Let $\displaystyle T_{n,r,k}:=\sum\limits_{j=r}^n\,\binom{n+k-1-j}{k-1}\,\binom{j}{r}$ for nonnegative integers $n,r,k$ (where $\binom{m}{-1}:=0$ for all nonnegative integers $m$, and $\binom{-1}{-1}:=1$).

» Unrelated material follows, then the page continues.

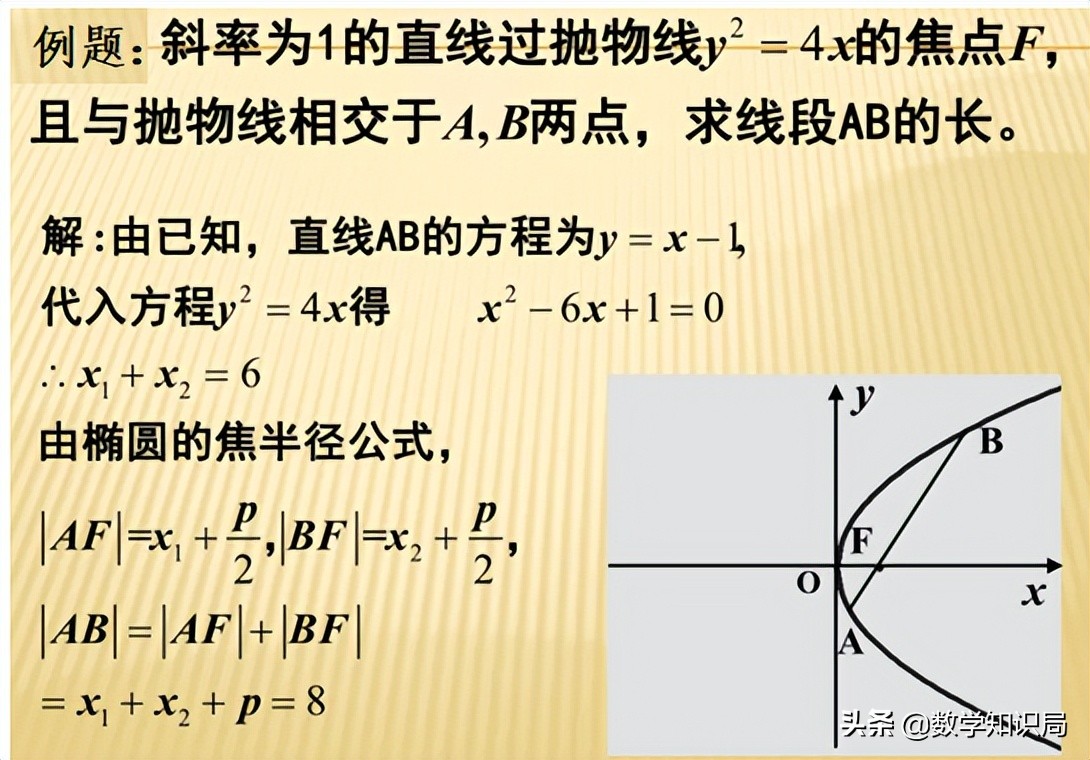 特别注意:该公式只适用于焦点弦,如果AB直线不经过焦点,不能用!不经过焦点,还是老老实实用通用弦长公式。
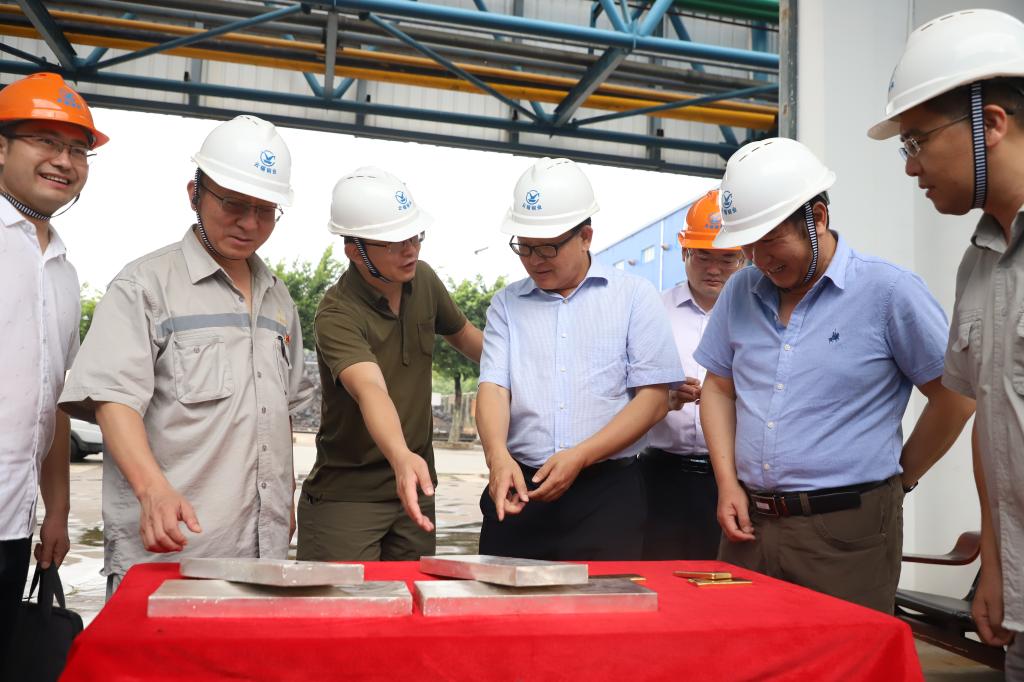 錫業(yè)股份副總經(jīng)理吳建勛,銅業(yè)分公司黨委書記郭建平,黨委副書記、經(jīng)理陳鋼,州商務(wù)局局長(zhǎng)和濤參加調(diào)研。

We shall first prove that $T_{n,r,k}=T_{n-1,r-1,k+1}$ for all integers $n\geq 1$, $r\geq 1$, and $k\geq 0$.
Note that $\binom{j}{r}=\sum\limits_{i=r-1}^{j-1}\,\binom{i}{r-1}$ for all integers $r\geq 0$ and $j\geq r$. Hence, $$\begin{align}T_{n,r,k}&=\sum\limits_{j=r}^n\,\binom{n+k-1-j}{k-1}\,\binom{j}{r}\\&=\sum\limits_{j=r}^n\,\binom{n+k-1-j}{k-1}\,\sum\limits_{i=r-1}^{j-1}\,\binom{i}{r-1}\\&=\sum_{i=r-1}^{n-1}\,\binom{i}{r-1}\,\sum_{j=i+1}^n\,\binom{n+k-1-j}{k-1}\\&=\sum_{i=r-1}^{n-1}\,\binom{i}{r-1}\,\sum_{j=k-1}^{n+k-2-i}\,\binom{j}{k-1}\\&=\sum_{i=r-1}^{n-1}\,\binom{i}{r-1}\,\binom{n+k-1-i}{k}\\&=\sum_{i=r-1}^{n-1}\,\binom{(n-1)+(k+1)-1-i}{(k+1)-1}\,\binom{i}{r-1}\\&=T_{n-1,r-1,k+1}\,.\end{align}$$
Since $\displaystyle T_{n,r,k}=\binom{n+k}{r+k}$ for $k=0$ and $k=1$, it follows from $T_{n,r,k}=T_{n-1,r-1,k+1}$ that $\displaystyle T_{n,r,k}=\binom{n+k}{r+k}$ for any nonnegative integer $k$. The proof is now complete.

Answer 2

You want $N =\sum_{k=1}^{68} k\binom{99-k}{30} $.

According to Wolfy this is $ 143012501349174257560226706 $.

Again, according to Wolfy, $\binom{100}{32}= 143012501349174257560226775 $.

These differ by $69$.

So, unless Wolfy made an error, there is no such $q$, but $q=32$ comes very close.